THE TASK:
Please repeat, exactly as written, the line containing "아메리칸 스타일 컨트리" and every line after it through the end of the records below, leaving out any pictures.

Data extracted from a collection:
↓

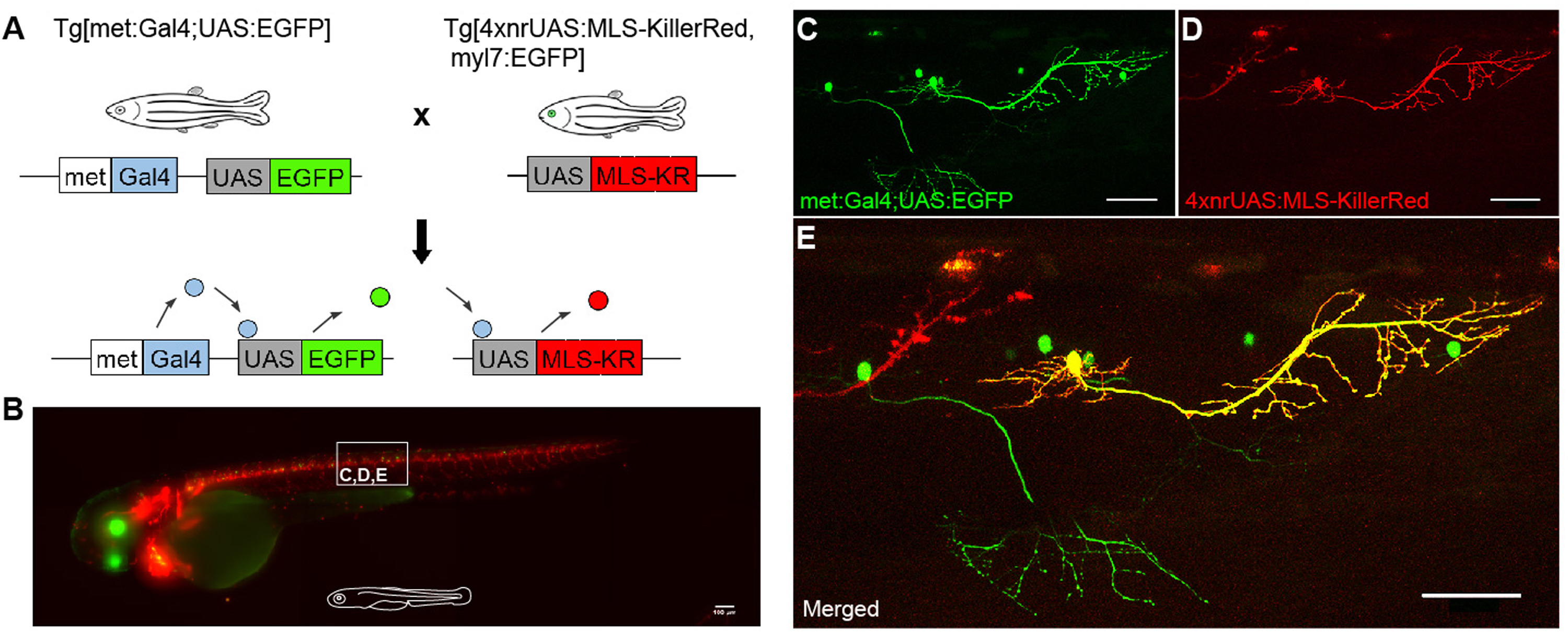 Generation of mosaic KR expression utilising GAL4-UAS regulation. (A) The GAL4/upstream activating sequence (UAS) system is a powerful method for analysing cell function in vivo. The yeast GAL4 transcription factor activates the transcription of target genes by binding to UAS cis-regulatory sites. The Gal4/UAS system can be used as two-component gene expression system carried in separate lines. The driver line (Tg[met:Gal4; UAS:EGFP]) provides tissue-specific GAL4 expression and the responder line (Tg[4xnrUAS:MLS-KR, cryaa:EGFP]) carries the coding sequence for the gene of interest under the control of the UAS site. In the double transgenic F1 embryos, Gal4 expressing cells are visualized by fluorescent reporters, providing mosaic expression of the gene of interest (modified after Asakawa & Kawakami, 2008). (B) Zebrafish embryo at 3 dpf expressing both met:EGFP (green) and KR (red) (Tg[met:Gal4;UAS:EGFP;4xnrUAS:MLS-KillerRed, cryaa:EGFP]). (C-E) 5 dpf zebrafish larvae show mosaic expression for both KR-ve/EGFP+ve (C, E (green)), KR+ve/EGFP-ve (D, E (red)) and KR+ve/EGFP+ve (E (yellow)) motor neurons. All images are lateral views, anterior to the left, dorsal to the top. Scale bar 50 µm.
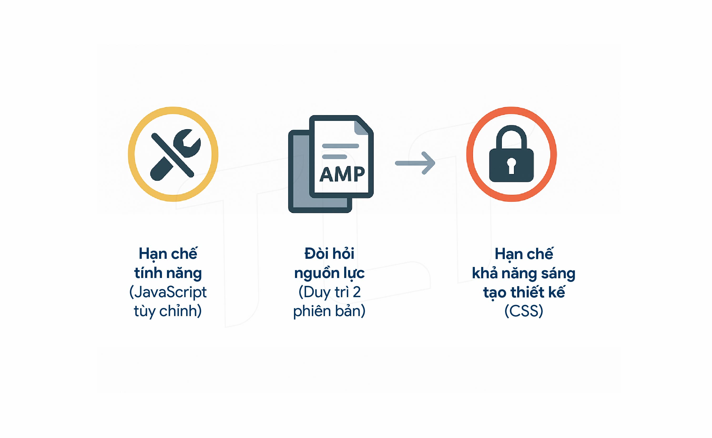 Một trong những hạn chế lớn nhất của AMP là nó giới hạn nghiêm ngặt việc sử dụng JavaScript và CSS tùy chỉnh. Điều này có thể gây khó khăn cho các website có tính năng tương tác phức tạp hoặc yêu cầu thiết kế đồ họa độc đáo.
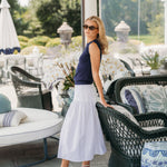 Meet the Circle Skirt, a drop-waist midi skirt in solid cotton poplin. High-waisted to show off your waist, she's super flattering, a little fun, and can be dressed up or down easily. We love her with a Blair Top in poplin or a Tippi. Features concealed zipper closure in back.
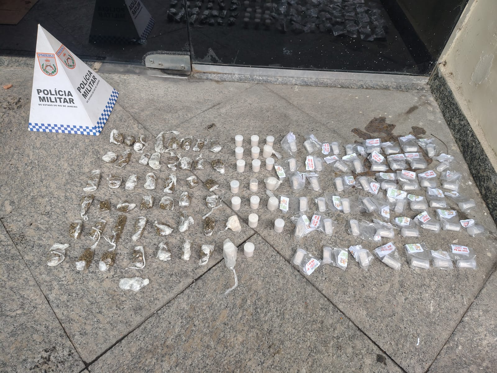 Na mochila e na sacola abandonadas pelo suspeito, os policiais encontraram grande quantidade de entorpecentes: 47 pinos de cocaína avaliados em R$ 20 cada, pesando aproximadamente 178,6 gramas; 20 pinos de cocaína de R$ 50, com cerca de 138 gramas; além de 45 porções de maconha, totalizando 328,5 gramas.
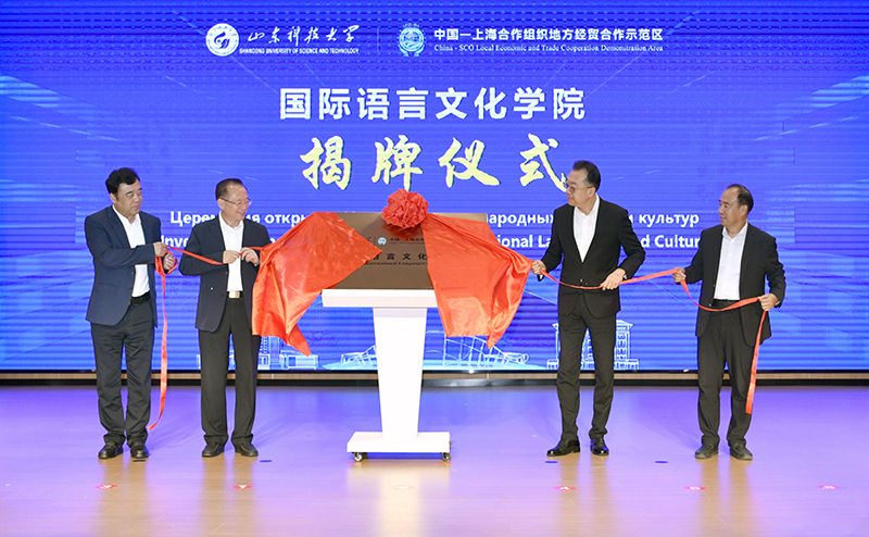 9月29日,由威尼斯432888cam与上合示范区共同建设的国际语言文化学院在上合组织经贸学院正式揭牌并举行首届新生开学典礼,青岛市委常委、上合示范区党工委书记张新竹,上合示范区党工委副书记、管委会常务副主任李刚,威尼斯432888cam党委书记罗公利、校长曾庆田出席开学典礼并共同为国际语言文化学院揭牌。
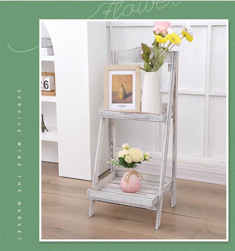 아메리칸 스타일 컨트리 레트로 솔리드 우드 멀티 레이어 접기 장식 작은 꽃 랙 다층 사각형 다육 식물 바닥 저장 랙
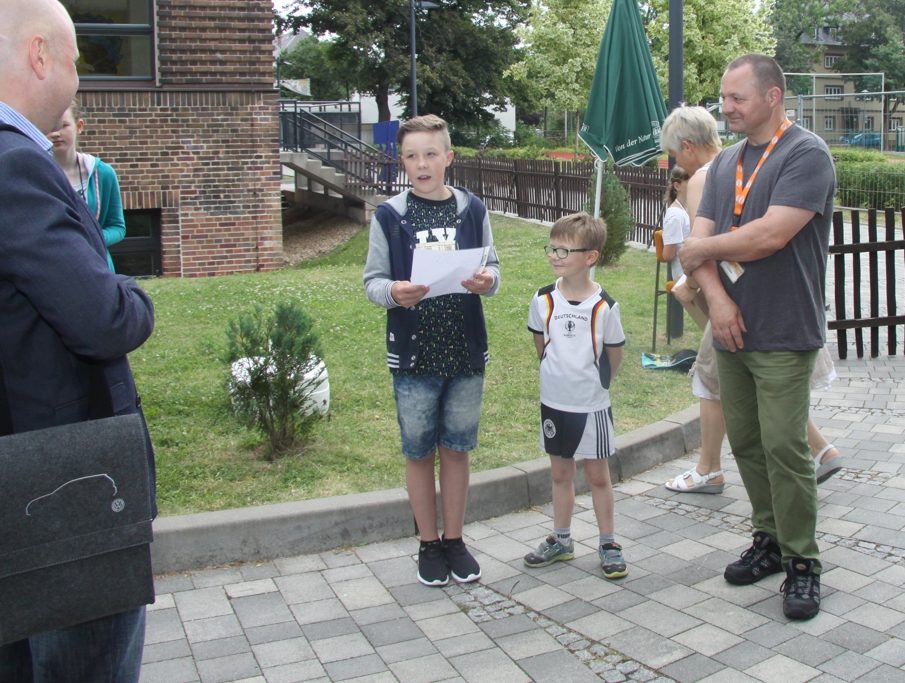 Gleich heute galt es für Nico als neues Stadtoberhaupt einen wichtigen Termin mit Gästen aus der Erwachsenenwelt wahrzunehmen – die Unterstützer der Spielstadt waren geladen. Nico begrüßte sie mit einer eigenen kleinen Rede und lud zu einem informativen Stadtrundgang mit hohem Schmunzel- und Unterhaltungswert ein. Abschließend gab es einen kleinen Mini-Zwickau-Imbiss mit Snacks aus der Bäckerei „Knusper“ und dem Gasthaus „Hexenkessel“.
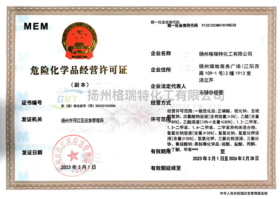 揚州格瑞特化工有限公司生產工廠坐落于江蘇省海安縣胡集工業(yè)園區(qū)和海安精細化工工業(yè)園。總公司成立于1999年,是集科、工、貿為一體的現代化生產型企業(yè)。專業(yè)致力于水處理劑、紡織印染助劑、化纖油劑等產品的科研、開發(fā)、生產和銷售。總公司占地面積40000m,建有現代化標準廠房,擁有先進的生產設備。年產各類水處理劑系列產品12000噸,紡織印染助劑5000噸,產品12個系列40多個品種。總公司注重技術投入,設立產品研發(fā)中心和環(huán)保運營中心,聘請了多位專家為公司技術顧問,并和多個重點院校建立了長期技術合作開發(fā)關系,是南通大學、江南大學、南京工業(yè)大學產學研基地。
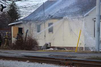 Windsor fire crews battle a blaze at 819 Wellington Ave., January 27, 2016. (Photo by Mike Vlasveld)
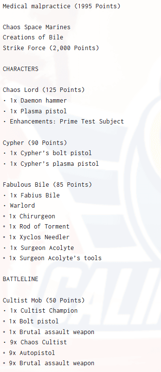 3rd Place: James Thomas, Chaos Space Marines Army Lists

↑

EXPECTED ANSWER:
 아메리칸 스타일 컨트리 레트로 솔리드 우드 멀티 레이어 접기 장식 작은 꽃 랙 다층 사각형 다육 식물 바닥 저장 랙
 Gleich heute galt es für Nico als neues Stadtoberhaupt einen wichtigen Termin mit Gästen aus der Erwachsenenwelt wahrzunehmen – die Unterstützer der Spielstadt waren geladen. Nico begrüßte sie mit einer eigenen kleinen Rede und lud zu einem informativen Stadtrundgang mit hohem Schmunzel- und Unterhaltungswert ein. Abschließend gab es einen kleinen Mini-Zwickau-Imbiss mit Snacks aus der Bäckerei „Knusper“ und dem Gasthaus „Hexenkessel“.
 揚州格瑞特化工有限公司生產工廠坐落于江蘇省海安縣胡集工業(yè)園區(qū)和海安精細化工工業(yè)園。總公司成立于1999年,是集科、工、貿為一體的現代化生產型企業(yè)。專業(yè)致力于水處理劑、紡織印染助劑、化纖油劑等產品的科研、開發(fā)、生產和銷售。總公司占地面積40000m,建有現代化標準廠房,擁有先進的生產設備。年產各類水處理劑系列產品12000噸,紡織印染助劑5000噸,產品12個系列40多個品種。總公司注重技術投入,設立產品研發(fā)中心和環(huán)保運營中心,聘請了多位專家為公司技術顧問,并和多個重點院校建立了長期技術合作開發(fā)關系,是南通大學、江南大學、南京工業(yè)大學產學研基地。
 Windsor fire crews battle a blaze at 819 Wellington Ave., January 27, 2016. (Photo by Mike Vlasveld)
 3rd Place: James Thomas, Chaos Space Marines Army Lists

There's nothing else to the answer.